[Data extracts]
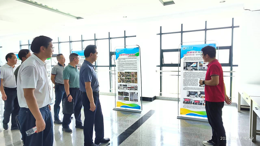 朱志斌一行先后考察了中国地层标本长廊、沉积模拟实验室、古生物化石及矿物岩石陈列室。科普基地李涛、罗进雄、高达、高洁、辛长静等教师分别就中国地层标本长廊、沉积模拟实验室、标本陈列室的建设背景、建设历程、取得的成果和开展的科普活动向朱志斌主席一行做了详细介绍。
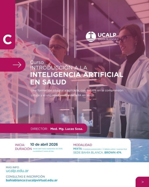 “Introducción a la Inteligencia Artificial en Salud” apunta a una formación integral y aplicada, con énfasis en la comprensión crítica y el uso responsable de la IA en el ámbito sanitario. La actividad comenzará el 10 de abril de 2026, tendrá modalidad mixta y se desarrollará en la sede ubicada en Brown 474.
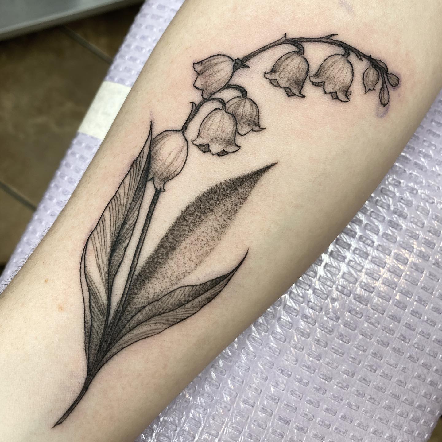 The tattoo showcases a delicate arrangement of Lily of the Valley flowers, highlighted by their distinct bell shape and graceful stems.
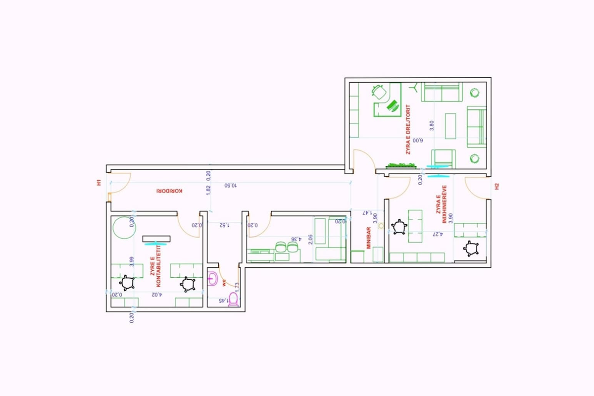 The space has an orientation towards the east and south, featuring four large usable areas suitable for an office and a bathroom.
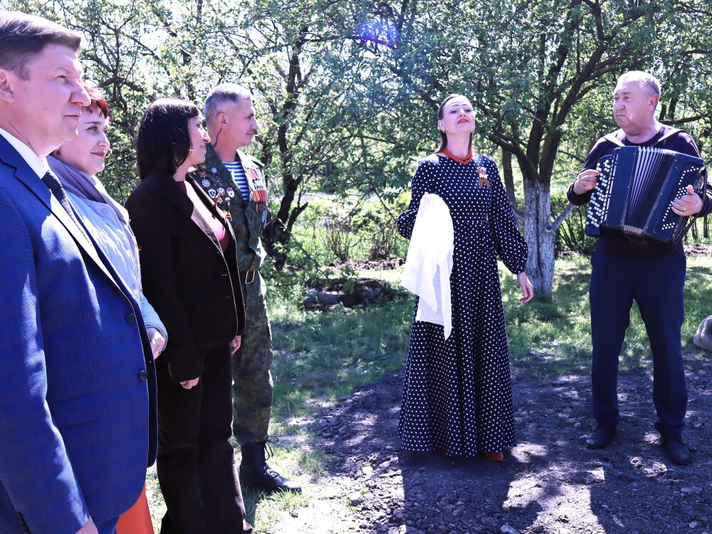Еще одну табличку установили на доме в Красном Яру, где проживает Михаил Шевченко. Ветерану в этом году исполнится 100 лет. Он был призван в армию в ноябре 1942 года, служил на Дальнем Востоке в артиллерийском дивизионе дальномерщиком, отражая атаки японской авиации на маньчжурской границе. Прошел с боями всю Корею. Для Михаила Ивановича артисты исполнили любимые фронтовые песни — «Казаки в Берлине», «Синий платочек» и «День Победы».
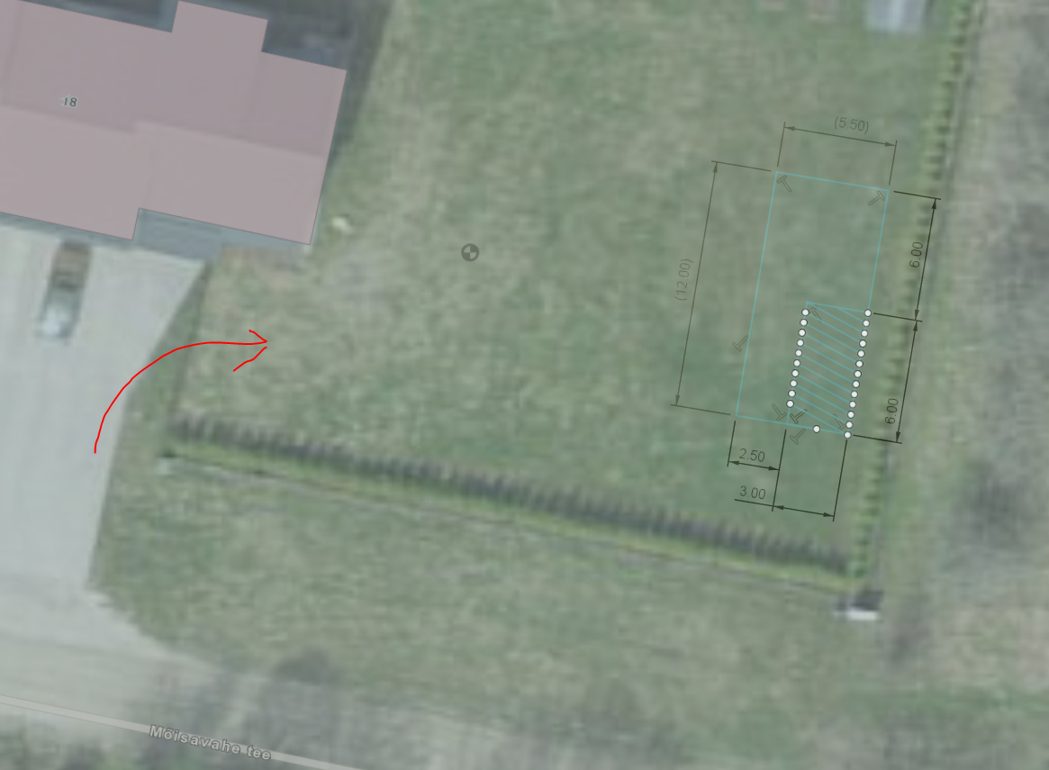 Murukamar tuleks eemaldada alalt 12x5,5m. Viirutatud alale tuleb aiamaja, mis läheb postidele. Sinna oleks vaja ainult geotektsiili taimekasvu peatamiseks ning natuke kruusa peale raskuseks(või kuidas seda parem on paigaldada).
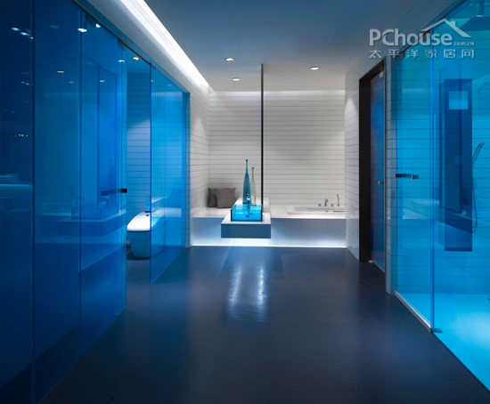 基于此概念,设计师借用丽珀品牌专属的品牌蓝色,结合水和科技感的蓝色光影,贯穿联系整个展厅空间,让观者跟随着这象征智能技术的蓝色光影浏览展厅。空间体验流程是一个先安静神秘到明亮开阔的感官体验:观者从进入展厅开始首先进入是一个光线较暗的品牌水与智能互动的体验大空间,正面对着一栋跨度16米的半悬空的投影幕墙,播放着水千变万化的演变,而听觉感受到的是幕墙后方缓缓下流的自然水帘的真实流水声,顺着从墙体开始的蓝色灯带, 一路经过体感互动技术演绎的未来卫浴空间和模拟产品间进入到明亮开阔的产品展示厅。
[/Data extracts]
[Data extracts]
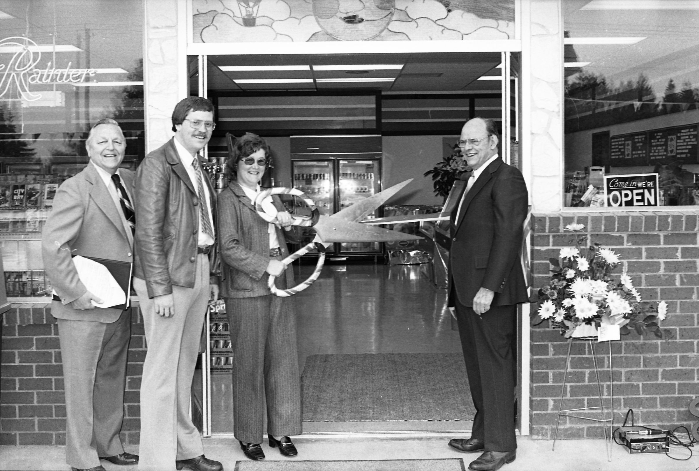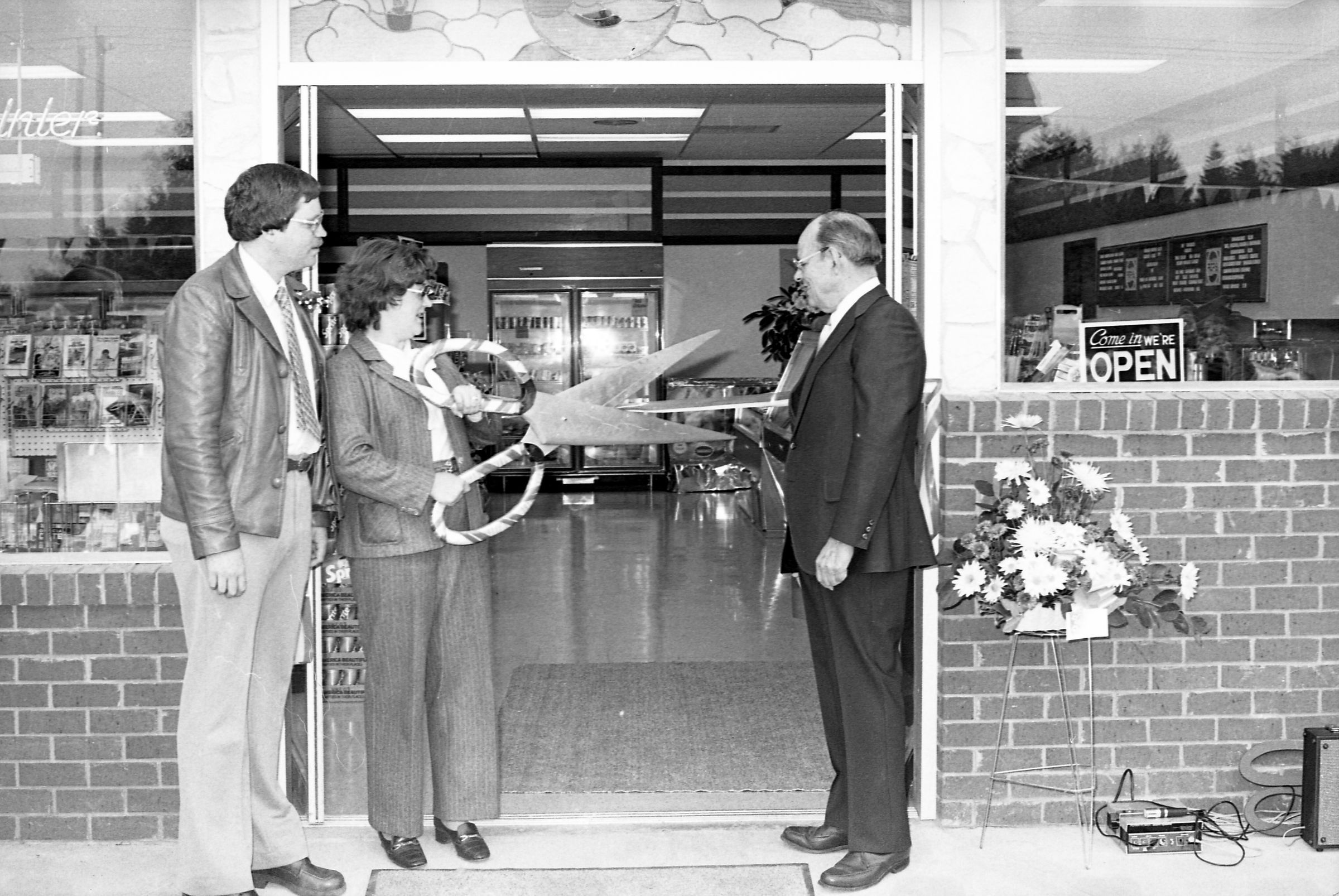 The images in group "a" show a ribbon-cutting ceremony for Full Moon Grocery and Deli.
[/Data extracts]
The lines above from the line with "The space has" through the line with "基于此概念,设计师借用丽珀品" are to be given again word for word, with no pictures among them.

# Task result:
 The space has an orientation towards the east and south, featuring four large usable areas suitable for an office and a bathroom.
Еще одну табличку установили на доме в Красном Яру, где проживает Михаил Шевченко. Ветерану в этом году исполнится 100 лет. Он был призван в армию в ноябре 1942 года, служил на Дальнем Востоке в артиллерийском дивизионе дальномерщиком, отражая атаки японской авиации на маньчжурской границе. Прошел с боями всю Корею. Для Михаила Ивановича артисты исполнили любимые фронтовые песни — «Казаки в Берлине», «Синий платочек» и «День Победы».
 Murukamar tuleks eemaldada alalt 12x5,5m. Viirutatud alale tuleb aiamaja, mis läheb postidele. Sinna oleks vaja ainult geotektsiili taimekasvu peatamiseks ning natuke kruusa peale raskuseks(või kuidas seda parem on paigaldada).
 基于此概念,设计师借用丽珀品牌专属的品牌蓝色,结合水和科技感的蓝色光影,贯穿联系整个展厅空间,让观者跟随着这象征智能技术的蓝色光影浏览展厅。空间体验流程是一个先安静神秘到明亮开阔的感官体验:观者从进入展厅开始首先进入是一个光线较暗的品牌水与智能互动的体验大空间,正面对着一栋跨度16米的半悬空的投影幕墙,播放着水千变万化的演变,而听觉感受到的是幕墙后方缓缓下流的自然水帘的真实流水声,顺着从墙体开始的蓝色灯带, 一路经过体感互动技术演绎的未来卫浴空间和模拟产品间进入到明亮开阔的产品展示厅。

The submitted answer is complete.